===== Task input =====

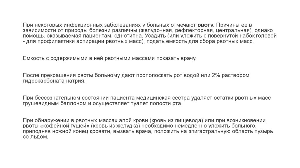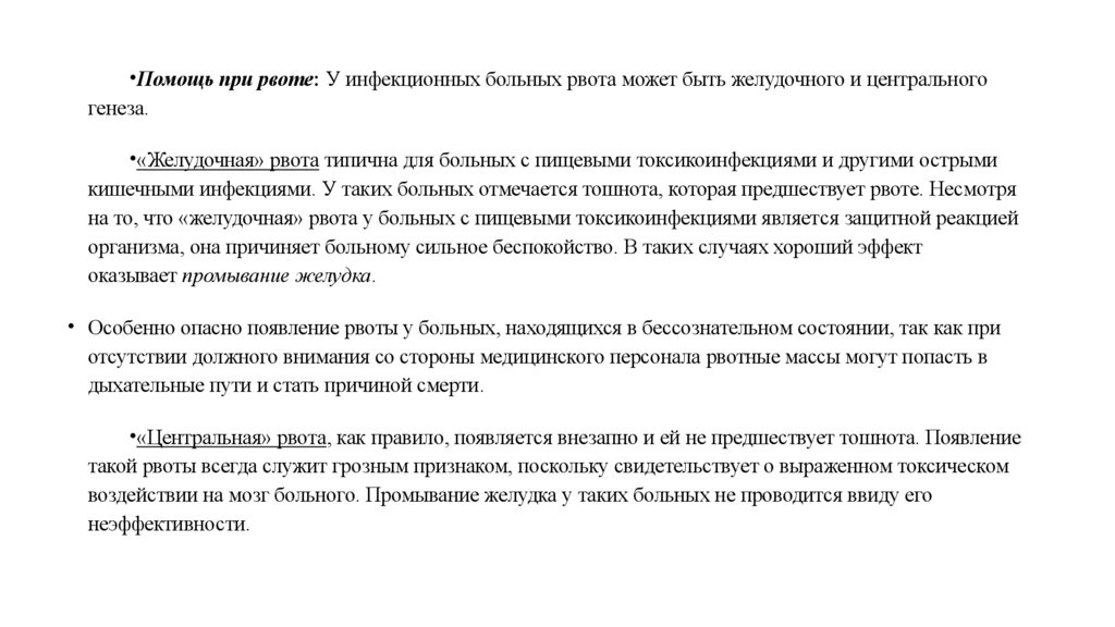 •Помощь при рвоте: У инфекционных больных рвота может быть желудочного и центральногогенеза.
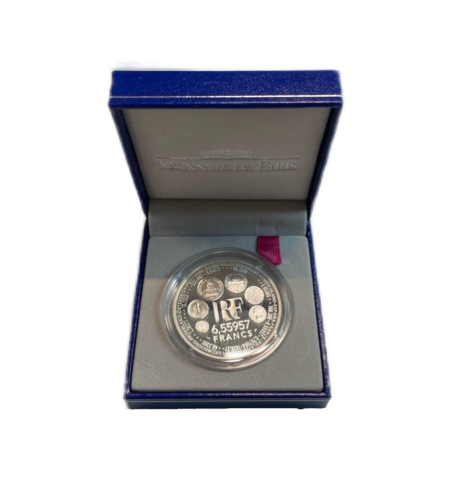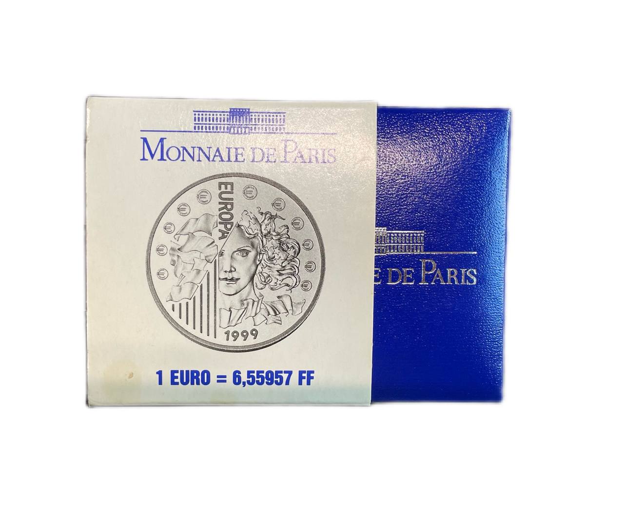 Франция 1 евро = 6,55957 франков 1999 страны Евросоюза, введение евро, курс франка к евро, в оригинальной коробке KM 1255 серебро PROOF 3-4-11-17
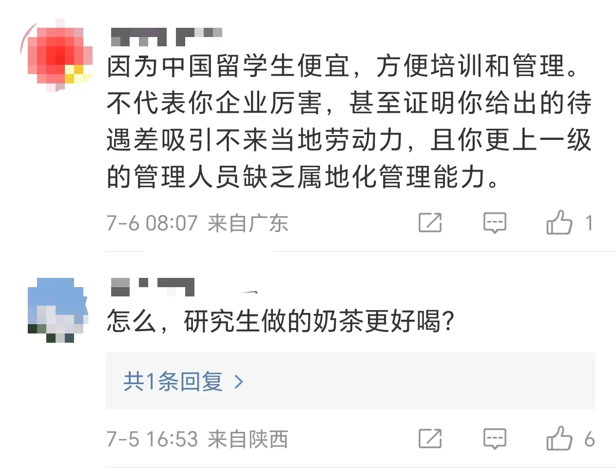 不过,古计林这番言论并未得到网友们的认可,有网友评论称:“因为中国留学生便宜,方便培训和管理。不代表你企业厉害,甚至证明你给出的待遇差吸引不来当地劳动力,且你更上一级的管理人员缺乏属地化管理能力。”
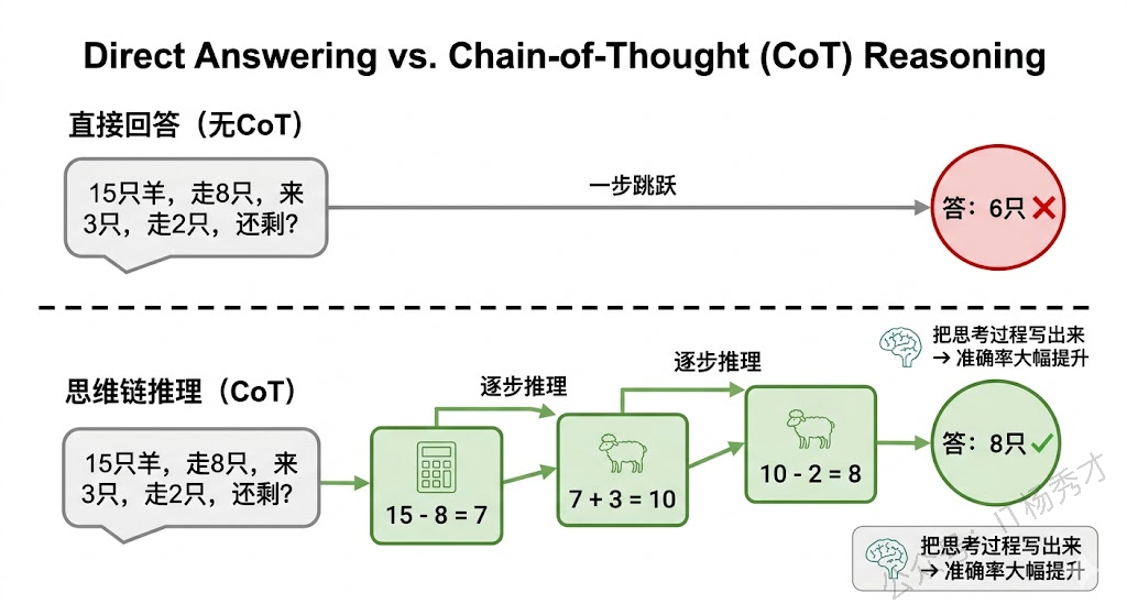 举个例子:你问模型"一个农场有 15 只羊,走了 8 只,又来了 3 只,后来又走了 2 只,现在有多少只?"这种简单算术人类一步步算就行了,但模型有时候会直接蹦出一个错误答案——因为它试图一步到位而没有展开中间推理过程。
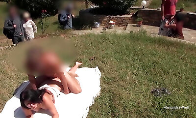 Public fuck-a-thon on the meadow! Donk and pussy creampie and facial cumshot
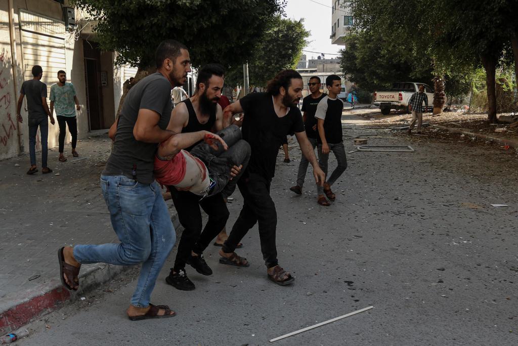 11月2日,人們在加沙城遭以軍空襲后轉移傷者。新華社發(fā)

=====

→ Task directions
Restate the material above word for word, so that nothing changes except that the pictures are gone.

→ Result for this exercise
 •Помощь при рвоте: У инфекционных больных рвота может быть желудочного и центральногогенеза.
 Франция 1 евро = 6,55957 франков 1999 страны Евросоюза, введение евро, курс франка к евро, в оригинальной коробке KM 1255 серебро PROOF 3-4-11-17
 不过,古计林这番言论并未得到网友们的认可,有网友评论称:“因为中国留学生便宜,方便培训和管理。不代表你企业厉害,甚至证明你给出的待遇差吸引不来当地劳动力,且你更上一级的管理人员缺乏属地化管理能力。”
 举个例子:你问模型"一个农场有 15 只羊,走了 8 只,又来了 3 只,后来又走了 2 只,现在有多少只?"这种简单算术人类一步步算就行了,但模型有时候会直接蹦出一个错误答案——因为它试图一步到位而没有展开中间推理过程。
 Public fuck-a-thon on the meadow! Donk and pussy creampie and facial cumshot
 11月2日,人們在加沙城遭以軍空襲后轉移傷者。新華社發(fā)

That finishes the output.